Adalah petitions for an end to excessive water price rates in unrecognized Bedouin villages: Water Authority making illegal gains
On 24 July 2013, Adalah petitioned the Supreme Court on behalf of representatives of five unrecognized villages, with a combined population of over 12,000 Bedouin citizens of Israel. The petitioners are demanding that the court order the Water Authority to cut the significantly high water rates they must pay, as the current pricing system amounts to illegal gains for the Water Authority.

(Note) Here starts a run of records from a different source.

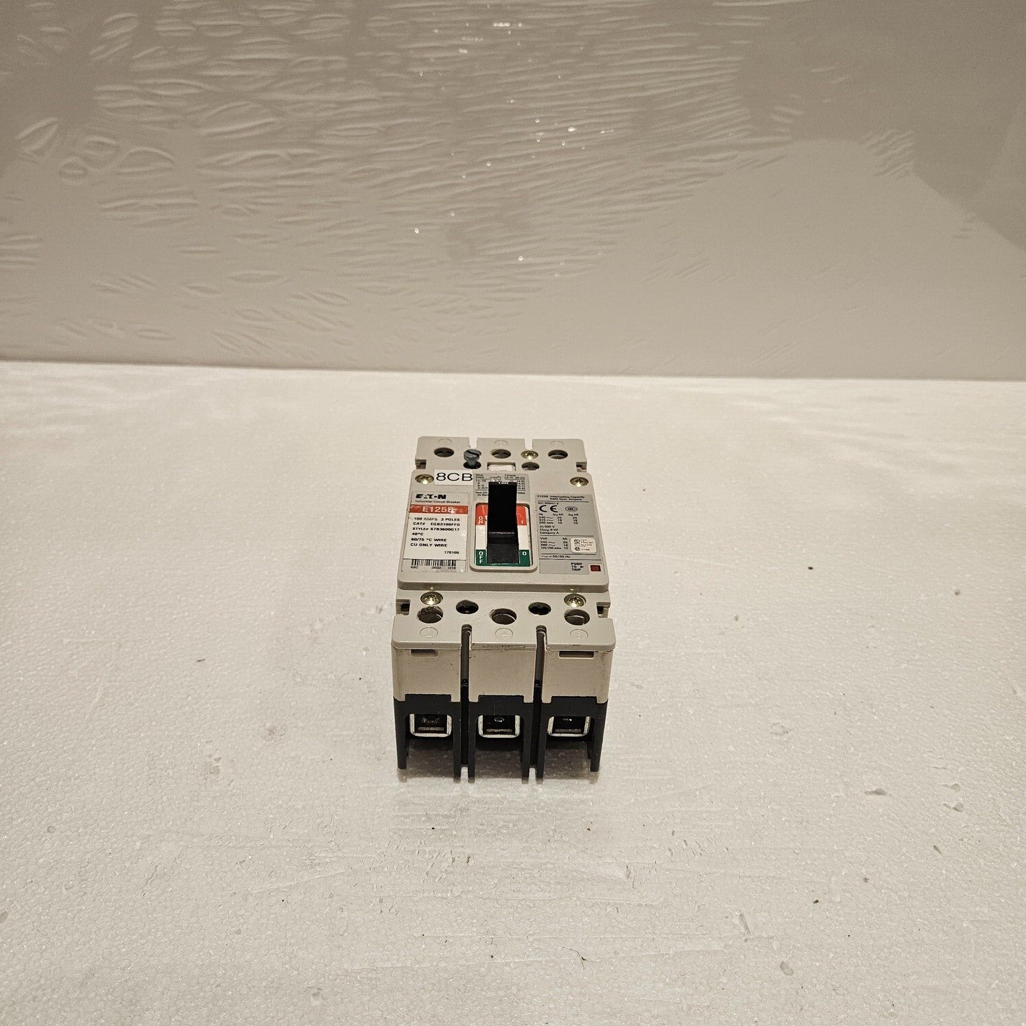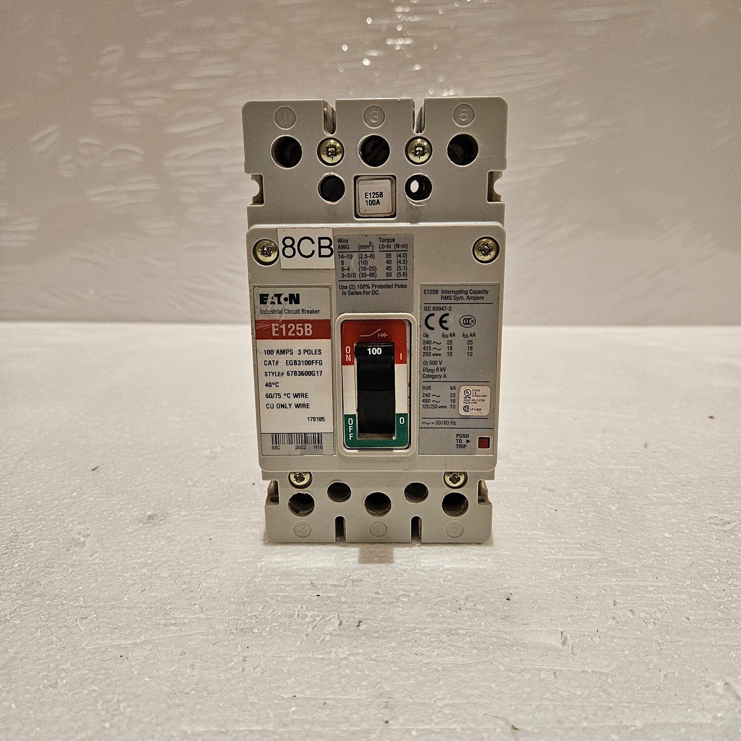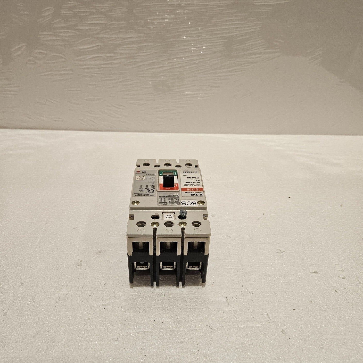 EATON EGB3100FFG 3-POLE CIRCUIT BREAKER 100AMODEL: E125BCAT NO: EGB3100FFGSTYLE: 67B3600G17TYPE: 3-POLE CIRCUIT BREAKER 100A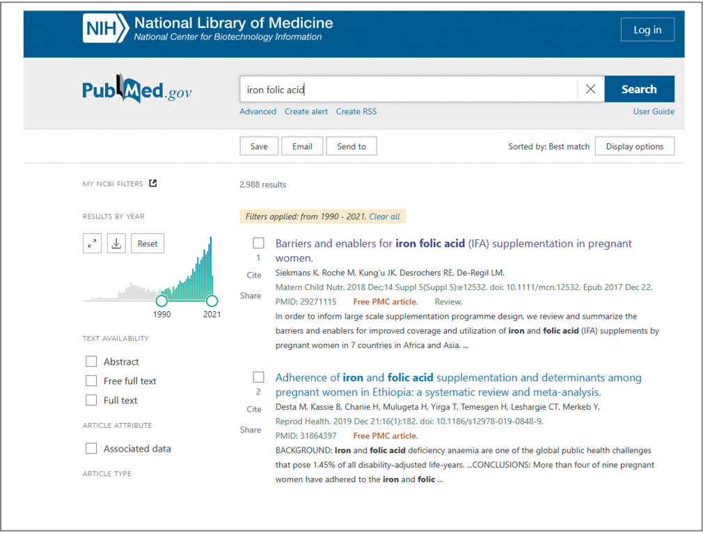 Fig. 4. Screenshot of the Pubmed page with the search term "iron folic acid" (IFA).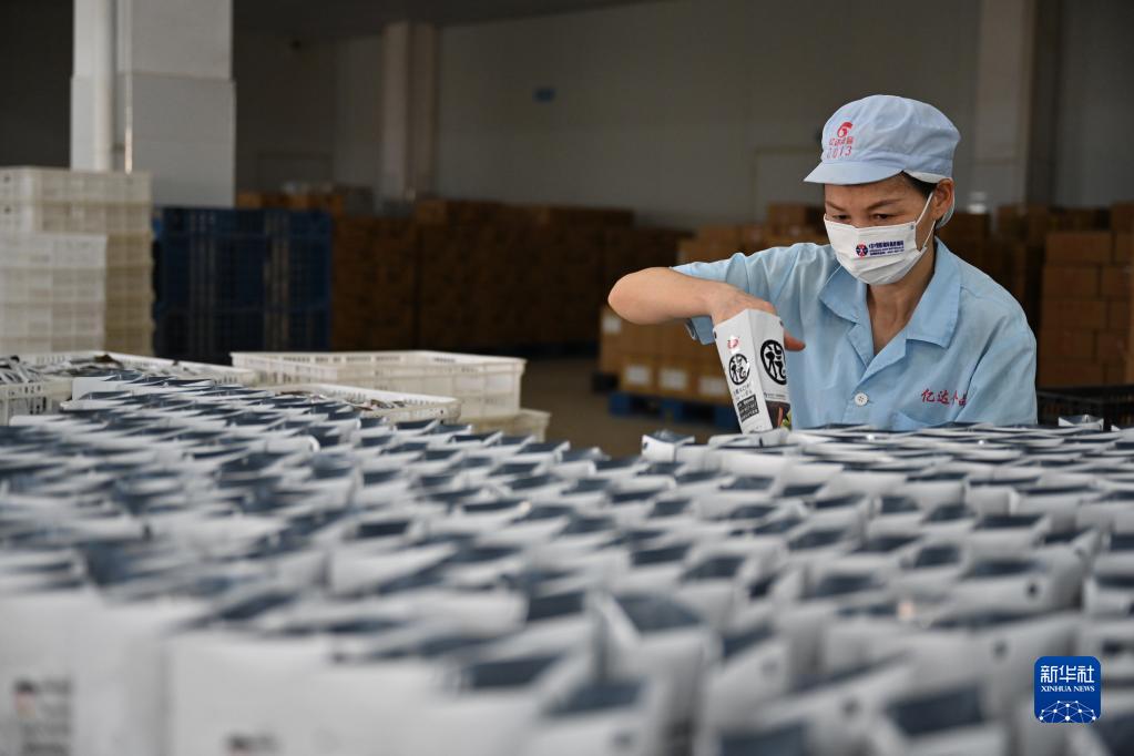 8月12日,在連江縣一家海帶食品加工企業車間,工人打包袋裝食品。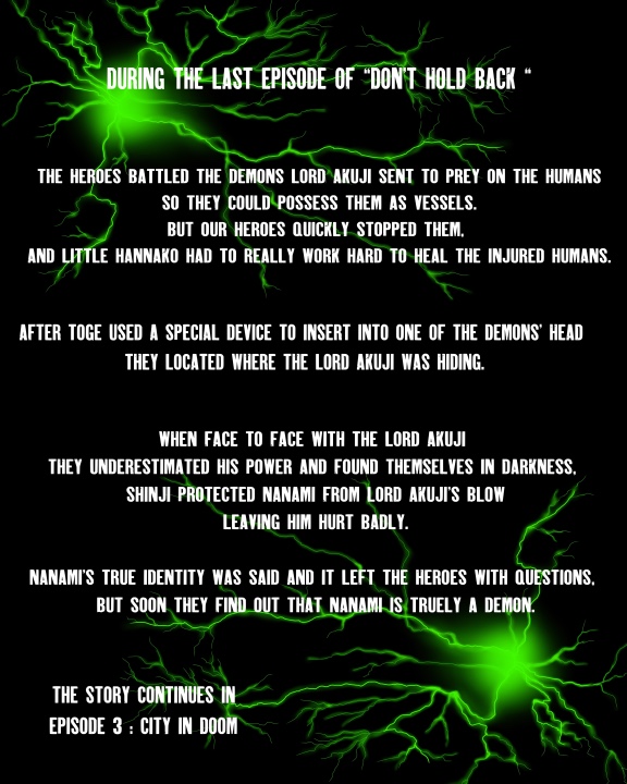 In a world (Earth realm) where demons threaten humanity, five heroes with unique powers must work together to save the day. Episode 1 begins by introducing each hero and their unique power. As they receive info on strange activity they all gather at the old clock tower preparing to spring into action.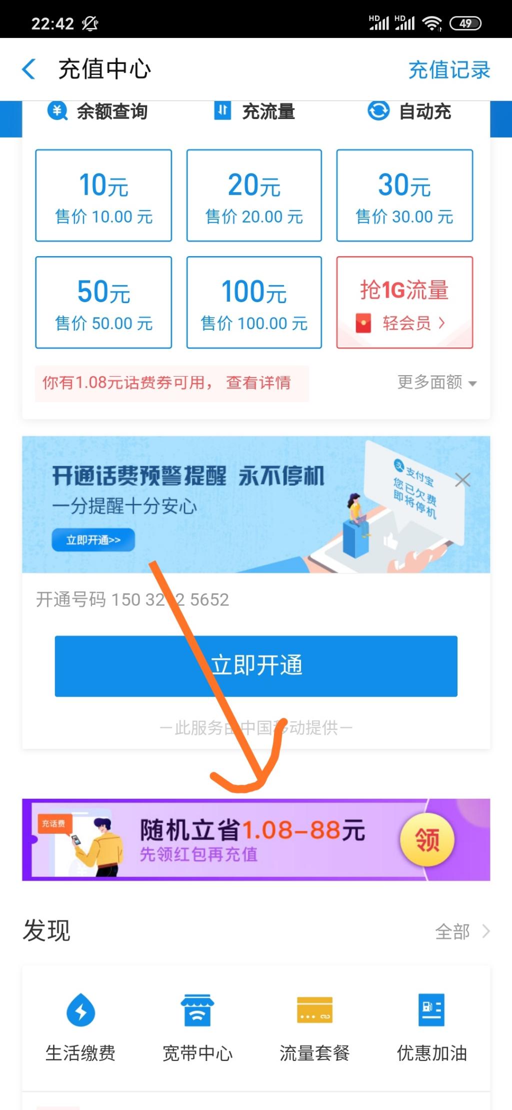 zfb工行充值大毛,最少1.08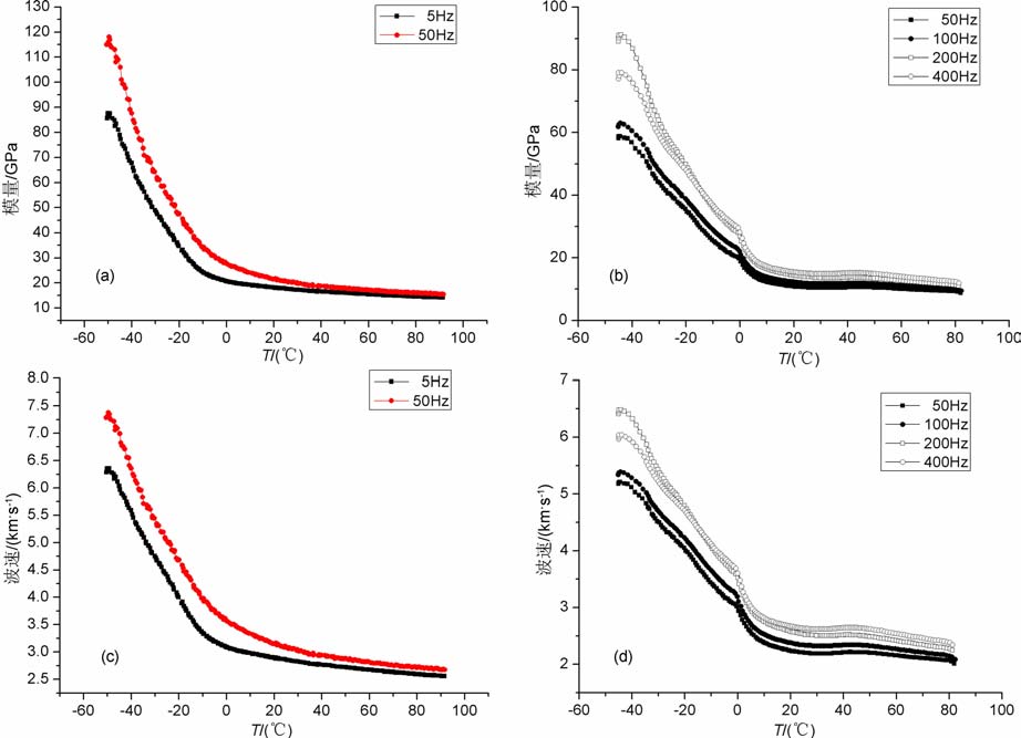 图 5为泵油饱和彭山砂岩模量和波速随温度的变化,其中彭山砂岩5 号在0℃ 左右模量和波速曲线的波动是由静载波动引起.可见,彭山砂岩随着温度的升高模量下降,弹性波速随温度升高也下降,在0℃以下模量和波速值较大,随温度升高,下降的梯度也大.在0℃ 以上彭山砂岩的模量和波速随温度升高缓慢下降,波速值基本在3km/s以下.随着频率的增高模量波速均增大,具有频散效应;随着温度的升高,频散效应有减弱的趋势.

The Water Authority is charging residents of the unrecognized villages a flat rate that includes the full cost of water delivery to homes, including network installation and maintenance, as well as sewage collection. However, it is the villagers who collect and transport the water to their homes, and it is left to them to maintain all the water pipes and other infrastructure maintenance costs, while they also dig pits for sewage and waste water. No other citizens of Israel have to take on this work, and water is delivered directly to their homes. The Water Authority takes no account of the fact that as many as 80% of families in the unrecognized villages live in poverty, and that the excessive water rates they pay exacerbate their situation.
In a prior case, on 20 February 2013, the Supreme Court rejected Adalah’s appeal to connect the unrecognized village of Umm el-Hieran to the water network, ruling that the current water access point, located 8 kilometers away, constituted “sufficient access.”